The former bishop, Metropolitan Nicholas, was quite beloved by his flock and much admired and respected by many others, including many fellow Carpatho-Rusyns in the Byzantine Catholic Church both in America and in our native Eastern European lands.

We pray that Metropolitan Nicholas’ memory be eternal! Vicnaja pamjat, Vladyko!

We also ask God to grant the Metropolitan-elect, Archimandrite Grigorios, many happy, healthy and blessed years!

A a brief biography of Archimandrite Grigorios can be found in this press release, issued by the Diocese.

Thanks for sharing this :)–I plan to begin classes as an inquirer in the fall at an ACROD parish.

Very cool - thanks for posting!!

Memory eternal!

Many years!

This is a great opportunity to watch the world’s most boring video!
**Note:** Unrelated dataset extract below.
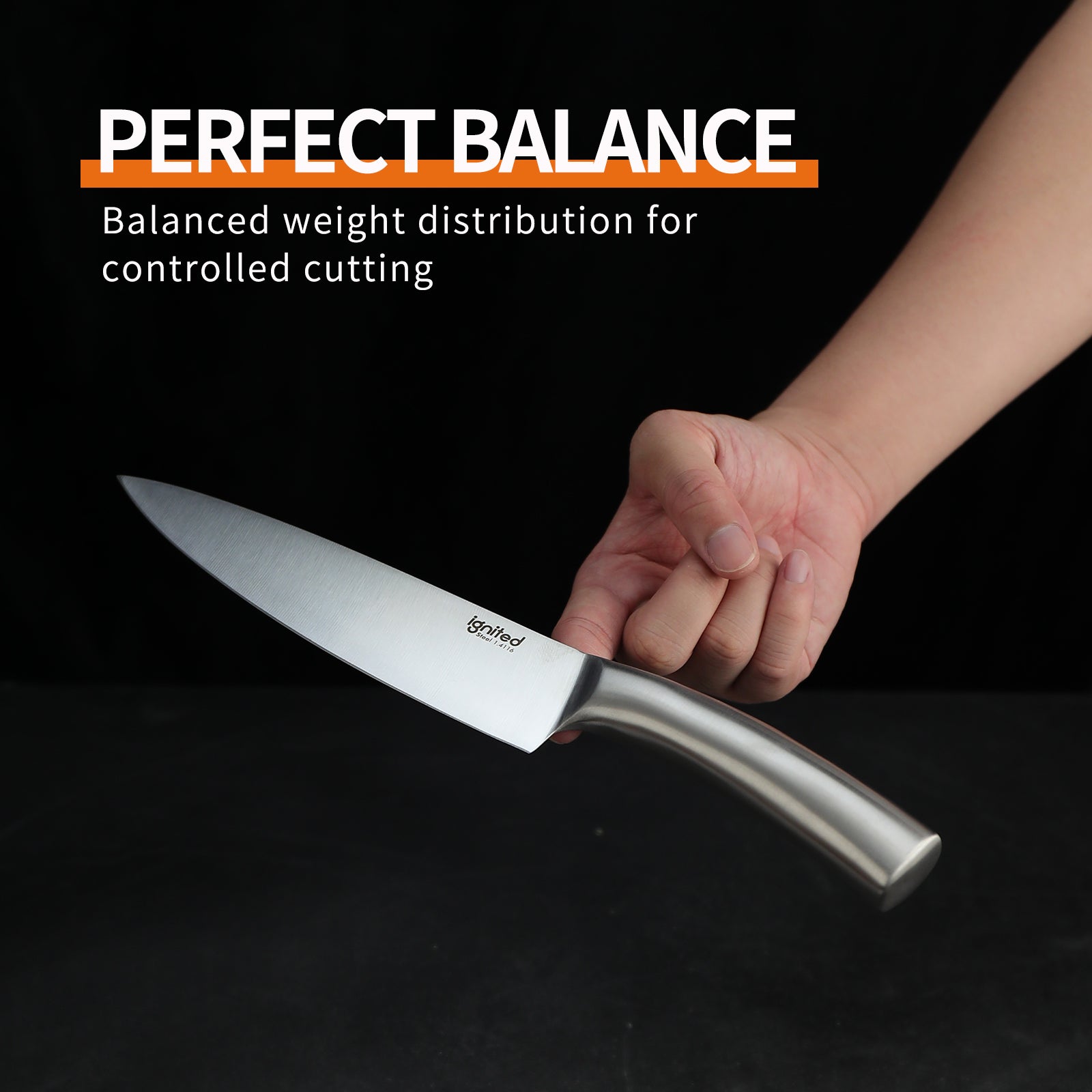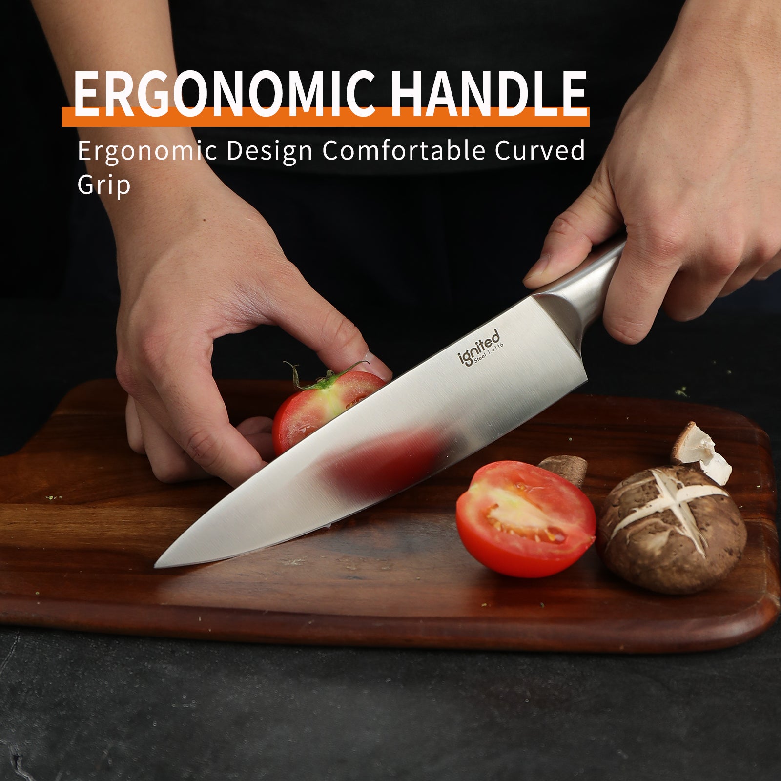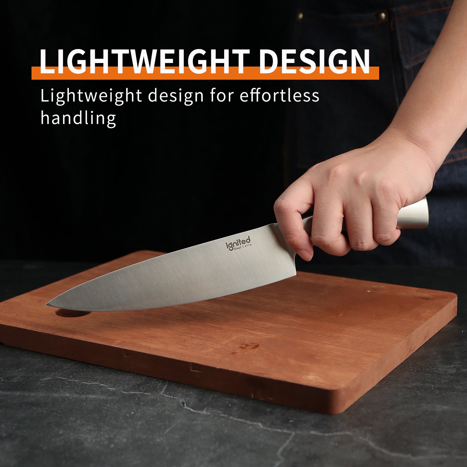 IGNITED CUTLERY 8" Ultra-Thin Full Steel Chef Knife – German 1.4116 Steel, 13° V-Shaped Edge, One-Piece Forged, Curved Ergonomic Handle, 58 HRC

I stayed for the whole time, which consisted of 30 minutes calling priests’ names, 15 minutes calling “yes” or “no” and 10 minutes of great chanting in English!

How very charitable of you to say so. Of course, one may always avail themselves of the features of YouTube, permitting one to fast-forward through those formalities …

Sorry, but when you said it provided a rare and unique view into the inner workings of the Orthodox Church, I expected to see things such as debate, procedures explained and followed, drama. Something akin to a courtroom on a contentious case, or at least a parish council meeting. I attend Knights of Columbus meetings, and when I attended our State Convention, I considered it to be a unique view into the proceedings of the Knights on a higher level than just our council.

But this video had none of that, it was honestly made up of the three elements I listed, and fast-forwarding would have left nothing to watch, so I am sorry if I missed out on subtleties here, but I really don’t feel the excitement.

So sorry to disappoint, but this was not oversold or otherwise mischaracterized.

If you told the average Catholic that ACROD was a diocese (as it is called) of the Ecumenical Patriarchiate, then asked them to guess how a new Metropolitan Bishop would be selected, the answer most likely would be a Catholic one - that the Ecumenical Patriarch selects one, just as the Pope would do in the Catholic world.

How many would correctly answer that a candidate for the episcopacy must receive a majority of votes of the clergy of their prospective diocese in order to be nominated to the Ecumenical Patriarch?

When was the last time that the priests of a Roman Catholic diocese were called together to nominate a new bishop?

Clearly, this is a “unique” process from the perspective of Catholicism. I would not have characterized it as such if posting on an Orthodox forum.

Further, this is not an event that is typically recorded and put in the public domain, even if it seemed somewhat ceremonious (as it was), especially by the Orthodox Churches. In this regard, it was properly characterized as “rare”. Even after some research, this appeared to be a first of its kind presentation in the public domain.

Upon watching this video, I was surprised to see His Eminence, Archbishop Demetrios. I had no idea that he was acting as Locum Tenens of ACROD.

Indeed, as was officially announced shortly after the repose of the soul of +Metropolitan Nicholas of blessed memory in March 2011.

You may have also realized that they nominated a candidate from the Greek Orthodox Church, vs. “one of their own”. As I have been told by some of my closest friends who are members of ACROD, this was necessitated by a shortage of qualified candidates from the diocese itself, as a large percentage of the priests are married.